Just a day before the general elections in Pakistan, two powerful blasts shook Balochistan’s capital city of Quetta, killing around 28 people. Soon after, the Islamic State- Khorasan group claimed responsibility for the deadly attacks. In total, there were over 50 big and small attacks in Pakistan around the time of elections. One again, Pakistan’s elections were carried out under the shadow of extremist violence. The timing of the elections is evident as parts of Khyber Pakhtunkhwa remain covered in snow during early February and act as a barrier for terrotist groups (like Tehreek e Taliban Pakistan or the TTP).

The threat was not new and a similar pattern has been observed since the 2008 General Elections. The main reason lies in the Pakistan Army’s policy of dealing with terrorism in the post 9/11 era. That is, the army has always worked on ‘managing’ terrorism rather than crushing it. Historically, extremist groups were used by the Pakistan army to maintain strategic depth in Afghanistan, Jammu and Kashmir and the Sistan-Balochistan region of Iran. Nearly all extremist groups like Lashkar-e-Jhangvi, Sipah-e-Sahaba and the TTP locate their origin in Pakistani seminaries.

Despite their involvement in attacks against the government and establishment, a lax approach was adopted against these groups, especially the TTP. The TTP, despite its actions, found sympathy among a wide spectrum of Pakistani politicians and generals alike. The Jamaat e Islami leadership was seen defending the TTP as it wreaked havoc across KP province. Even Imran Khan was seen defending the group despite the latter’s declaration that elections were forbidden

Despite the threats, Pakistan Army and extremists found a common ground in their opposition to the civilian leadership and elections.

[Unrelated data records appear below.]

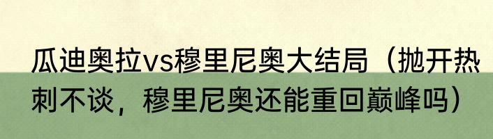 瓜迪奥拉vs穆里尼奥大结局(抛开热刺不谈,穆里尼奥还能重回巅峰吗)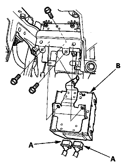 3. Disconnect the connectors (A) from the stereo amplifier (B).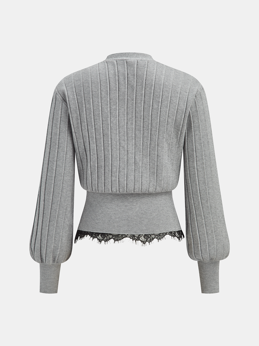 Lace Hem Ribbed Knit Cardigan

As the TTP unleashed violence against Pakistan’s progressive political parties, the Shia community and the Barelvi sect, it changed Pakistan’s electoral landscape, and simultaneously ended up strengthening the Army’s control. Time and Again, the Pakistan Army has tacitly supported extremist groups even at the cost of harming the civilian leadership. The previous general election of 2018 is a clear example where different extremist groups were roped in to fight elections in order to circumscribe Nawaz Sharif’s voter base. The Milli Muslim League, an outfit of the Lashkar e Taiba was allowed to contest elections

The province of Khyber Pakhtunkhwa has suffered the most in these two decades. The Awami National Party, which traces its roots to Khan Abdul Ghaffar Khan, lost an entire generation of leaders to terrorist violence in the previous decade. It was this vacuum that brought Imran Khan’s PTI party to power in KP province for the first time.
When the Pashtun community organized itself as the Pashtun Tahaffuz Movement and demanded justice for those killed and disappeared in anti-terror operations, their leaders were targeted both by terrorists and the intelligence agencies. In the previous general elections, the PTM managed to send two of its leaders Ali Wazir and Mohsin Dawar to the National Assembly from the KP province, this did not change the fate of the Pashtun community. Rather, Ali Wazir had to face repeated incarceration for demanding safety for the Pashtun community.

Another Pashtun leader Mohsin Dawar was badly injured in a police firing in Waziristan recently when he protested against election rigging. Two members from his party National Democratic Movement lost their lives in the protests. Similarly, in Balochistan, it was not the elections but the massive protests led by two young women Mahrang Baloch and Sammi Deen Baloch that caught the attention of the Baloch people. As usual, Balochistan saw a lower voter (35%) turnout than the national average (48%). Even Punjab witnessed 52% voter turnout as against 57% in 2018.

The present elections once again prove that no lessons have been learnt from the previous mistakes and it is the civilian leadership and Pakistan’s citizens that continues to suffer from these policies.